Of course, the system isn’t perfect. There is an almost infinitesimally small error rate that, in the context of how often DNA is copied, is significant. Genetic diseases, such as Tay-Sachs and Sickle Cell anemia, are caused by such errors. The scourge of modern medicine, cancer, is also due to damaged genes.
Errors aren’t always bad though. Every once in a while we get a happy accident and an mix-up in genetic copying can result in something useful. According to the natural process of selection, these genes then get copied more often. Evolution, therefore, is largely the result of the accumulation of lucky mistakes.
True simplicity is never simple. While the genetic code is not complex, it is also very, very long (over 3 billion letters in the human genome) and contains complex interactions between elements. It’s often hard to tell where one gene begins and another ends.
When the international community got together to form the Human Genome Project in order to finally map our genes, it took over 13 years and $3 billion. Mapping however, was just the start.
The really exciting stuff has just begun. Biologists have created ingenious short-cuts and that, along with advances in computer technology, is moving the new field of bioinformatics ahead at a blistering pace.
The applications of the technology are moving just as fast. Here’s just some of what’s in store:
Personal Genomes: As the chart above shows, it won’t be long before the cost of getting a genome sequenced will fall under $1000 or less than a decent TV set. Pretty soon after, it won’t cost any more than a simple blood test. Doctors will be able to tailor treatments to individual body chemistry.
Gene Therapy: Many ailments are genetic in nature and replacing defective genes will cure many chronic and previously incurable diseases. It will be done through the use of viral vectors, much like software companies release patches to fix bugs in their products.
Cancer: As noted above, cancer is caused when genes in ordinary cells are damaged. Through genetic sequencing, scientists are quickly gaining an understanding of these errors (especially in the case of the p53 gene) and techniques for targeting harmful genetic sequences are already in the works.
Within the next 20 years, current treatments such as surgery and chemotherapy will seem as barbaric as leeches and bloodletting.
The Moral Dilemma
The news isn’t all good. Some of it is truly horrifying. There are already controversies over genetically modified foods, cloning and designer children. It won’t be long before we have cottage industries built up around cosmetic gene therapy, terrorists sequencing “super bugs” and other issues that we can’t even imagine yet.
As I wrote in a previous post, technology gives us more options and, inevitably, we won’t like some of the paths that society takes.

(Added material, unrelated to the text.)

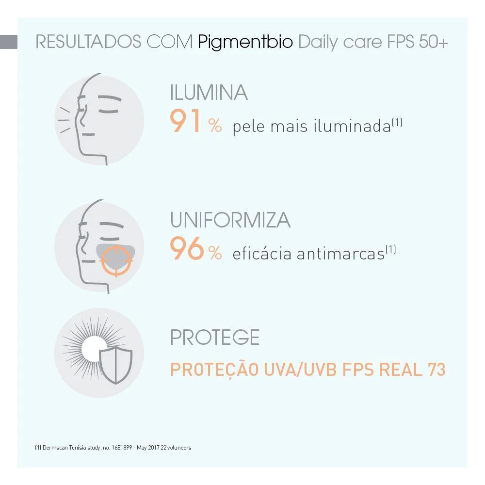 A fórmula inédita de Pigmentbio Daily Care FPS 50+ traz a patente Lumireveal TechnologyTM, que age em todo o processo biológico da hiperpigmentação para inibi-la desde sua formação, regulando a produção de melanina, até a eliminação das marcas já existentes através de uma intensa renovação celular.
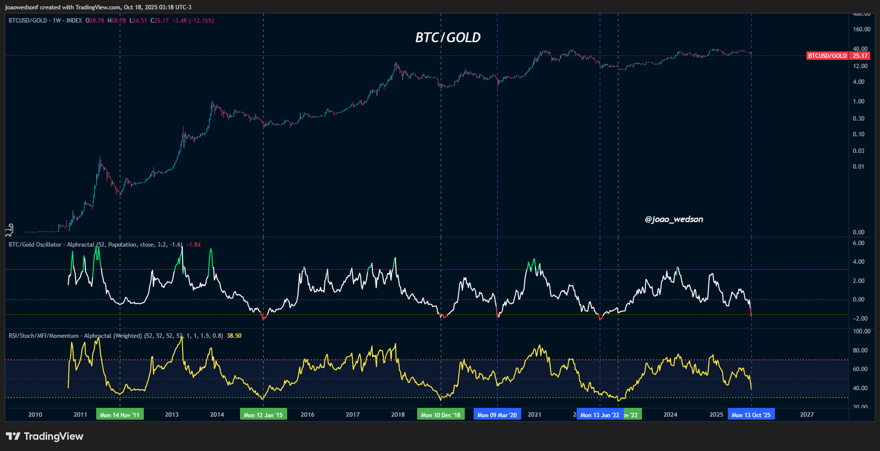 Wedson独创的资产相对强度振荡器正闪现罕见信号,这些信号历来标志着比特币弱势期的终结。"数据明确显示黄金相对于比特币处于超买状态,"分析师指出,这暗示资金可能很快将从传统避险资产转向数字资产。

Nevertheless, the choices are ours to make and, technology also gives us the power to solve problems that it itself causes. So, while there is good cause for concern, there is none for alarm.
Much like astronomy, physics and medicine itself, genomics will shed light on questions long held sacred and some people won’t like the like the answers. Tough. After all, nobody has the right to tell one child that he must go to bed hungry or another that he must die of leukemia because of someone else’s overactive moral imagination.
The human genome is truly the ultimate code and unravelling its mysteries will create excitement and wonder, fear and loathing. Life will go on (and quite a bit longer and more productively than it has before).